ELLIOTT: You know, local activists, as well as members of Arbery's family, say this is yet another test in the nation's struggle for racial justice, in part because of how local officials initially handled this case, seemingly protecting the accused. No arrests were made until cell phone video of the killing recorded by one of the defendants was released, and this happened months later. It sparked sort of a local political awakening in the region around Brunswick. Bobby Henderson is co-founder of a group called A Better Glynn. It's a grassroots organization that has been pushing for accountability after this. He says Arbery was targeted solely because of his race.

BOBBY HENDERSON: A kid that ran every day met up against people who did not recognize his autonomy as an American citizen to be - to exist without shackles. And they wanted to subjugate him for the simple fact that he was in a place that they felt like he shouldn't be. He shouldn't be in their neighborhood.

MARTINEZ: The defendants, Debbie - who are the defendants, and how do they explain what they're being accused of?

ELLIOTT: Well, there are three defendants - a father and a son, Gregory and Travis McMichael. Travis was the gunman. His father had been an investigator in the district attorney's office and was a former police officer. The third defendant is one of their neighbors, William "Roddie" Bryan. He was the one who recorded everything on his cell phone. They're charged with murder, false imprisonment and aggravated assault in this state case. Now, separately, they're going to face federal hate crime charges in a trial early next year. Their lawyers are going to argue in this state case starting in Brunswick next week that they were not suspicious of Arbery because he was Black but because they had seen him trespassing on a new home construction site. Attorney Robert Rubin represents Travis McMichael. He says this was an attempt at a legal citizen's arrest that went tragically awry.

ROBERT RUBIN: If Mr. Arbery played out the way Travis and Greg hoped it would - Mr. Arbery had just stopped and said, OK, call the police. I'm not doing anything. I'll wait until the police come, and I'll explain exactly what I'm doing. He'd be alive today.

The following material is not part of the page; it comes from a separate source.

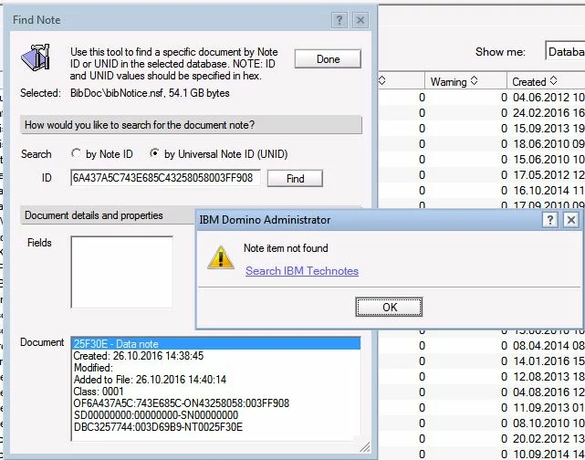 Товарищи, теперь совсем в другой базе другая подстава - родительский документ пропал. Есть его UNID, если по нему искать, то выдает вот такое - Note Item Not Found (см. картинку), при этом все признаки наличия документа есть. И ScanEz говорит, что находит 1 Note, у которого даже респонс есть - все правильно.
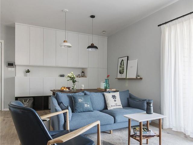 客厅后面就是餐厅,直接没有墙壁做隔断,这儿样的一体化布置,也显得空间更敞亮了。毕竟原本户型不大,所以这样进行空间的利用,也算是更合理了。后背墙壁打造一排的白色储物柜,可以实现杂物的收纳,餐桌椅的搭配,用餐也是很有小资的格调,餐厅装饰很清新简约。

ELLIOTT: So the question is whether jurors will buy that - that this is somehow Arbery's fault. Now, we should note that the judge has prohibited people involved in the case from speaking to the media. He issued that order this week. Mr. Rubin spoke with me prior to that gag order.

MARTINEZ: And jury selection is set to start Monday. NPR's Debbie Elliott will be in Brunswick, Ga., covering all of it. Debbie, thanks.